Render
Overview
After running calibration, we render depth maps from each of the cameras, from which we can produce a 3D scene that will be meshed and sent to the headset. The rendering pipeline works through a number of stages, each involving one or more binaries, to produce its results:
- Precompute Resizes
- Generate Foreground Masks
- Precompute Resizes Foreground
- Depth Estimation
- DerpCLI
- Temporal Bilateral Filter
- Upsample Disparity
- Convert To Binary
- Stripe Binaries
- Simple Mesh Renderer
There are a number of standard workflows we have run through the render pipeline described in the Workflows section. The user interface uses this render pipeline for nearly all of its back-end functionality, with the exceptions of calibration and the viewer.
Precompute Resizes
The crux of depth estimation uses a Gaussian Pyramid. Since it is likely thet the render is run over the same data multiple times, the image levels are pre-computed before proceeding to depth estimation.
- Ingest:
- Full-size color images per camera
- Produces:
- Resized level color images per camera
Generate Foreground Masks
Foreground masks are binary masks used to segment the foreground from the background to improve efficiency and correctness of depth estimation.
- Ingest:
- Color image for foreground and background per camera (Typically finest level of the resize)
- Produces:
- Binary foreground mask image per camera
Note: In the case of producing disparity images higher than 2K pixels wide, the foreground masks should be generated at the desired resolution to improve results.

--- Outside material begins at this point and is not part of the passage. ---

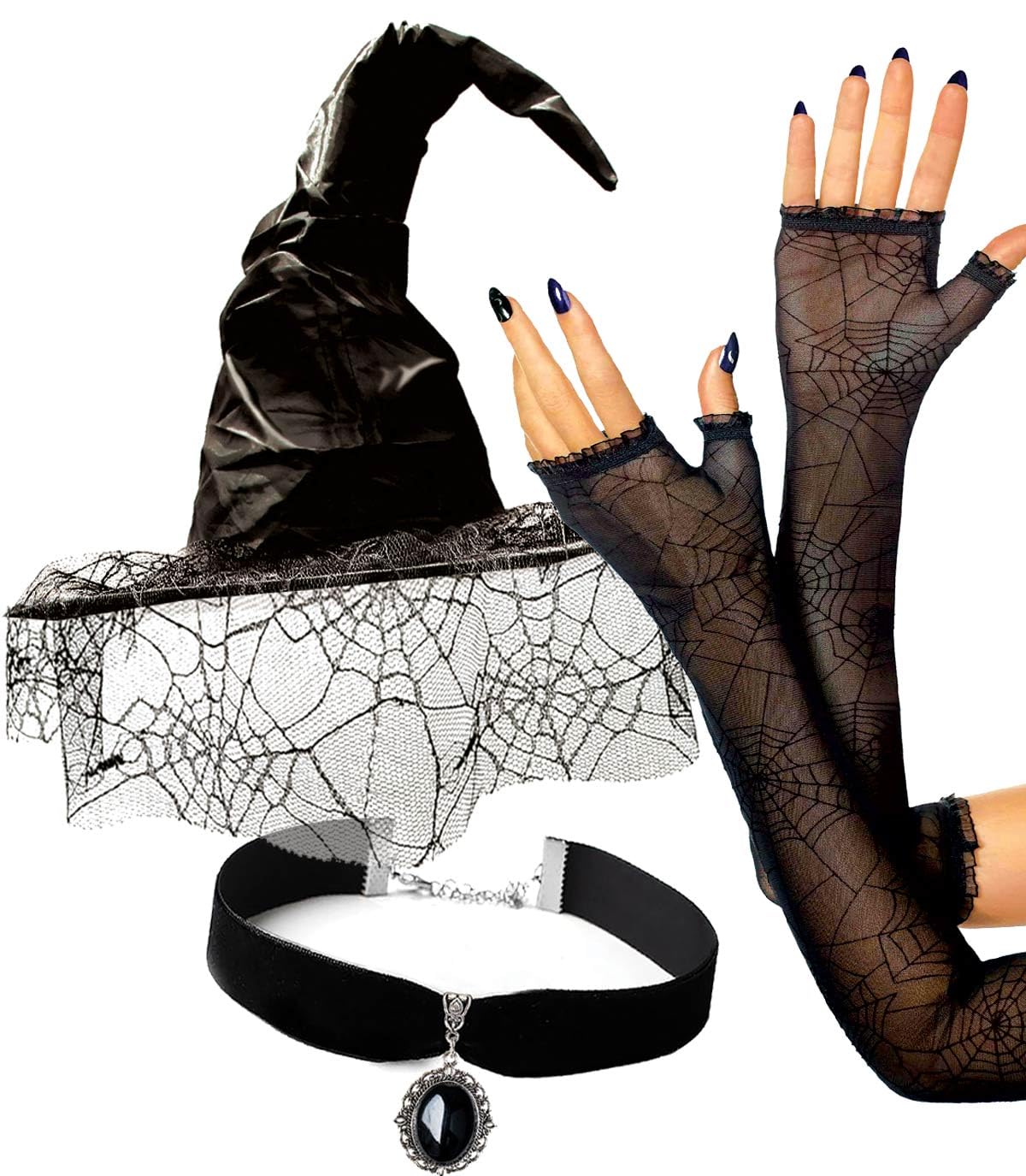 Witch Hats - Great Costume 3PC Which Hat with Spider Gloves and Witch Necklace

Precompute Resizes Foreground
Similar to the Precompute Resizes step above, the foreground masks need to be resized so that they can be used at each level. This step is ignored if no foreground masks are used.
- Ingest:
- Full-size foreground masks per camera
- Produces:
- Resized level foreground masks per camera
Depth Estimation
This the crux of the pipeline, which takes all the precomputed results and produces disparity
maps. Disparities are defined as the reciprocal of depths (i.e. 1/depth
). At each level if performs depth estimation and applies a temporal filter to smooth the results. The finest level disparities are upsampled to the final resolution if necessary.
- Ingest:
- All resized levels color images per camera
- All resized levels level foreground masks per camera
- Produces:
- Disparity map per camera
DerpCLI (Single Level)
This stage produces disparity maps given overlapping color images. Multiple levels can be performed in a single execution, although the standard render pipeline assumes separate runs per level.
- Ingest:
- Single resized level color images per camera
- Single resized foreground masks per camera
- Produces:
- Single level disparity map per camera
Temporal Bilateral Filter (Single Level)
From the disparity map produced per camera, a temporal filter is applied to ensure smoothness across frames.
- Ingest:
- Single level disparity maps per camera in a contiguous temporal range
- Produces:
- Single level disparity map per camera
Upsample Disparity
If the desired resolution of the per-camera disparity maps is higher than 2048 pixels wide a separate stage performs upsampling using the color images as a guide. This is only performed after completing the finest level of the pyramid.
- Ingest:
- Single level disparity map per camera
- Produces:
- Single level disparity map per camera
Simple Mesh Renderer
For output that not expected to be viewed in 6DoF the render goes through this stage, which produces other formats using the same inputs.
- Ingest:
- Level 0 color image per camera
- Level 0 disparity map per camera
- Produces:
- One of the following formats:
- Color cubemap
- Disparity cubemap
- Equirect color
- Equirect disparity
- Left-Right 180 stereo
- Snapshot color
- Snapshot disparity
- Top bottom 3DoF
- Top bottom stereo
- One of the following formats:
Convert To Binary
The disparity maps are converted into mesh files (i.e. vtx, idx, and bc7) for streaming. These formats are only necessary if the render is to be viewed in a headset.
- Ingest:
- Level 0 color image per camera
- Level 0 disparity map per camera
- Produces:
- Binary files (idx, vtx, bc7) per camera
Stripe Binaries
When viewing in a headset, the player expects to read from a single striped file rather than the individual files produced in the binary conversion process. This produces the final .bin file and associated metadata needed by the Rift viewer. We highly recommend doing this locally, since it is only performed on a single computer and will eventually need to be downloaded locally for viewing purposes.
- Ingest:
- Binary files (idx, vtx, bc7) per camera
- Produces:
- Striped binary file
- Metadata json corresponding to the binary